15 - Primeiro Voo

133 19 31
                                    

Punta Arenas, 10 de janeiro de 2011, 8h30 (14 horas antes)

Ops! Esta imagem não segue nossas diretrizes de conteúdo. Para continuar a publicação, tente removê-la ou carregar outra.

Punta Arenas, 10 de janeiro de 2011, 8h30 (14 horas antes)...

... A impressão que o almirante passava, diante de toda aquela situação com a comunidade científica, era a de que não estava lá se importando muito com as consequências de seu convite, o qual, talvez, pudesse vir a ser considerado uma arbitrariedade, muito embora, segundo informou, eram comuns convites como aquele, principalmente em se tratando de pessoas ilustres. Fiquei lisonjeado com o "ilustre". No entanto, o convite era, no mínimo, inapropriado para o momento. Eu relutei, mas Regina me incentivou:

— Querido, oportunidade única!

Infelizmente, ela não poderia ir, porque só havia uma vaga no avião. Ainda assim, estava empolgada com a ideia deu-me corda:

— Nossa! Eu iria correndo. E não precisa se preocupar comigo, vou ter a companhia da Clara e Jairo.

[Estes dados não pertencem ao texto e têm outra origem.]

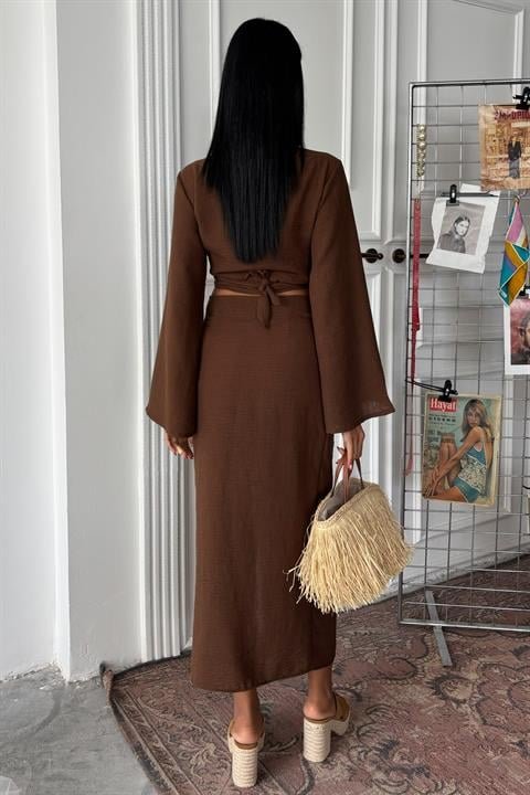 Crop Gömlekli Ve Eteği Büzgülü Tasarım Takım 10195

Assim, pouco mais tarde, às oito e meia, surpreso pelo fato de ter aceitado ir, sem opor grande resistência, talvez com o raciocínio já embotado e congelado pelo frio, embarquei rumo à estação antártica Comandante Ferraz. A minha mala praticamente estava pronta e, com Regina organizando, foi tudo muito rápido — e tinha de ser, afinal, entre o convite e o embarque, o prazo fora estreito: perto de uma hora.

Por incrível coincidência, nos acompanharam, na viagem, o rapaz e a mulher que estavam aos beijos no hotel, na noite anterior. Fiquei surpreso:

— Ora, ora! Quem diria!

Anunciaram-se a nós. Marido e mulher: Carlos Eduardo Aranha e Ema Arantes. Ambos biólogos da USP. Ema, uma beldade de cabelos loiros encaracolados, mais velha do que ele uns oito anos. Carlos, um rapaz atlético e de traços másculos, do tipo que impressiona somente pelo porte físico. O almirante explicou-me, depois, que os dois estavam sendo custeados pela USP e que apenas pegavam uma carona no avião da FAB. Nada tinham a ver, pelo menos não diretamente, com o problema financeiro que atravessava o Proantar.

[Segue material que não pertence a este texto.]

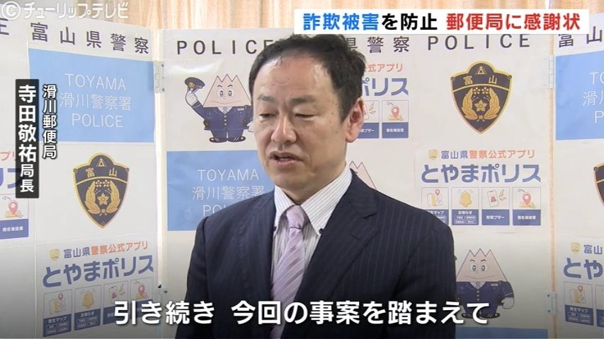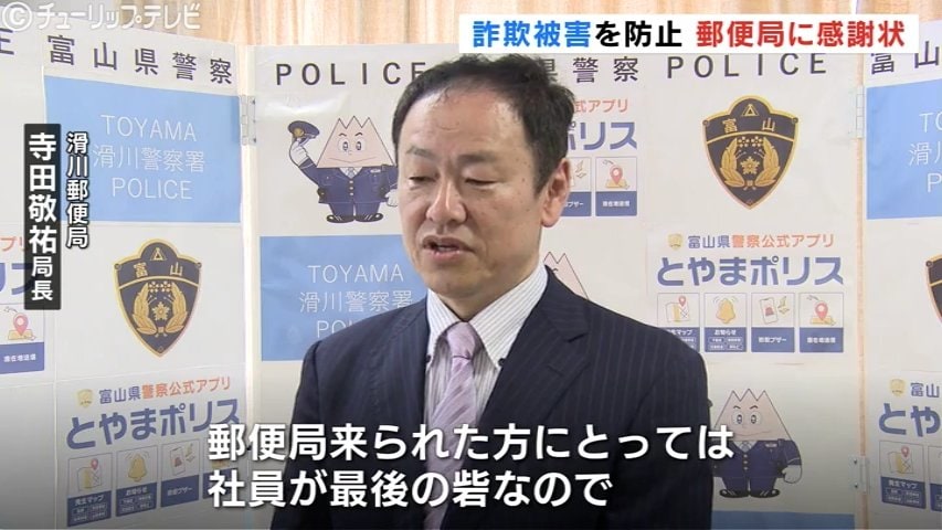 滑川郵便局 寺田敬祐局長「郵便局に来られた方にとっては社員が最後の砦なので引き続き今回の事案を踏まえて特殊詐欺がなくなるようにしっかりと取り組んでいきたい」

— Havia a previsão inicial de que ficassem na EACF até o final do verão. Dada à impossibilidade, fui orientado, mesmo assim, a levá-los até a estação antártica e de lá, por mar, encaminhá-los ao Besnard, assim que o navio fundeie na enseada Martel.

— Não os conhecia, almirante?

— Não, até ontem à noite. Depois que você saiu do piano-bar, eles voltaram e vieram falar comigo. Apresentaram-se e perguntaram sobre a viagem para a EACF, hoje cedo. Até então, eu só sabia que iam conosco dois biólogos da USP e que nos encontraríamos aqui, hoje cedo.

O casal chegou justamente quando eu dava um beijo de despedida em Regina, tendo havido tempo de apresentá-los a ela. Um pequeno detalhe: os voos da FAB não têm relação direta com o Proantar, mas servem de apoio a este. Antes de tudo, a EACF é um território brasileiro, tornando-se indispensável a presença das Forças Armadas, havendo também inúmeras operações de funcionamento e manutenção, que os cientistas não reúnem condições de realizar.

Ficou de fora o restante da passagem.